DiffSplat consumes multi-view image sets with calibrated camera metadata. To make character-domain fine-tuning practical, I built an automated pipeline that turns raw FBX/Blender character assets into training-ready datasets — 40 rendered views and per-view camera metadata per character — packaged as Parquet files alongside prompt embeddings.
① Asset Ingest
FBX / Blender character assets normalized into a common scene layout — uniform scale, centered pivot, neutral lighting rig.
② Multi-view Render
Blender Python script places 40 cameras around each character and renders RGB views in a deterministic order — each view paired with a structured camera JSON (intrinsics + extrinsics).
③ Parquet Packaging
RGB views and camera JSON are packaged into Parquet datasets — compact, columnar, and directly loadable by Hugging Face Datasets in the training loop.
④ Prompt Embeddings
Chibi-character captions are pre-encoded into prompt embeddings consistent with the SD 1.5 text encoder, so the training step skips redundant text encoding per epoch.
40 Views as a Training Contract
Locking the dataset to a fixed 40-view layout per character makes camera-conditioning consistent across the dataset, simplifies batching, and turns the rendering step into something fully deterministic — the same FBX always yields the same dataset row.
Parquet Over Loose Files
Choosing Parquet for the packaged dataset (instead of folder-of-PNGs) cuts I/O overhead during training, plays well with Hugging Face Datasets, and makes splits / shuffles / shards trivial.
Reuse, Don't Rebuild
Rather than retraining GSRecon / GSVAE / GSDiff from scratch, the fine-tune targets only the character-domain shift on top of pretrained checkpoints — a deliberate scoping decision so a 2-month solo project actually converges.
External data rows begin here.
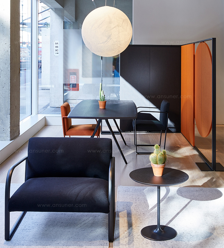 Arcos系列在形式和背景上都反映了其经典的灵感来源。该系列以公共空间为设计理念,配有椅子,休闲椅和沙发,全部配有扶手,可容纳休息室,餐厅和候诊室。 Arcos旨在与Steeve,Parentesit和Cross对话,为休息,放松和社交创造舒适的环境。特别注重颜色定制,可以在室内装潢和哑光金属中创造出天鹅绒般的墨色调单色,表达低调的表达。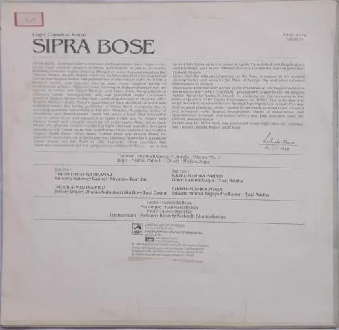 Sipra Bose – Light Classical Vocal – EASD 1470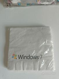 Rarissimo cimelio informatico del 2009. Kit ufficiale Microsoft per il lancio di Windows 7. Il set comprende: 1 Puzzle originale ancora sigillato nel cellophane. 1 Confezione di tovaglioli logati Windows 7 (mai aperta). 5 Buste regalo coordinate originali del kit. Condizioni da fondo di magazzino, perfetto per esposizione o collezione tech.
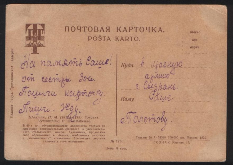 Описание открытки: Издание госуд. Третьяковской Галереи, 8 коп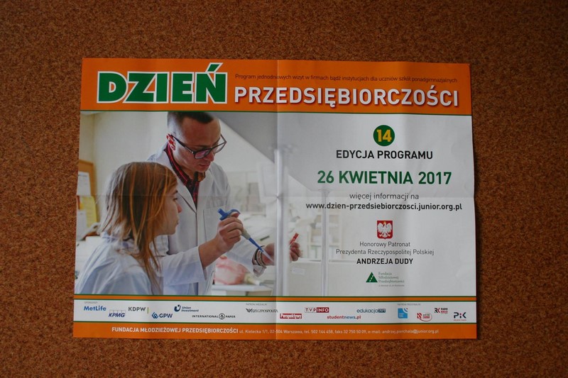 Tegoroczna, czternasta już edycja Dnia Przedsiębiorczości odbyła się w dniu 26 kwietnia 2017r. Corocznie program ten organizowany jest przez Fundację Młodzieżowej Przedsiębiorczości a honorowy patronat sprawuje nad nim Prezydent RP. W tym roku w Dniu Przedsiębiorczości wzięło udział 41 uczniów naszej szkoły. Odbyli oni staż jednodniowy w wybranych przez siebie firmach i instytucjach.

Pre-computed Prompt Embeddings
Encoding chibi-character captions once and caching the embeddings keeps each training step focused on the diffusion + GS components, not on repeatedly running the text encoder.
🧪 Training Config
SD 1.5-based DiffSplat training config adapted for chibi-character domain fine-tuning.
🛠️ Blender Renderer
Python-driven renderer that emits 40 calibrated views + camera JSON per character.
📦 Parquet Dataset Builder
Preprocessing scripts that pack RGB views, camera JSON, and prompt embeddings into Parquet datasets.
🌀 Domain-Adapted GS Outputs
Fine-tuned DiffSplat checkpoints that produce 3D Gaussian Splats in the chibi-character style.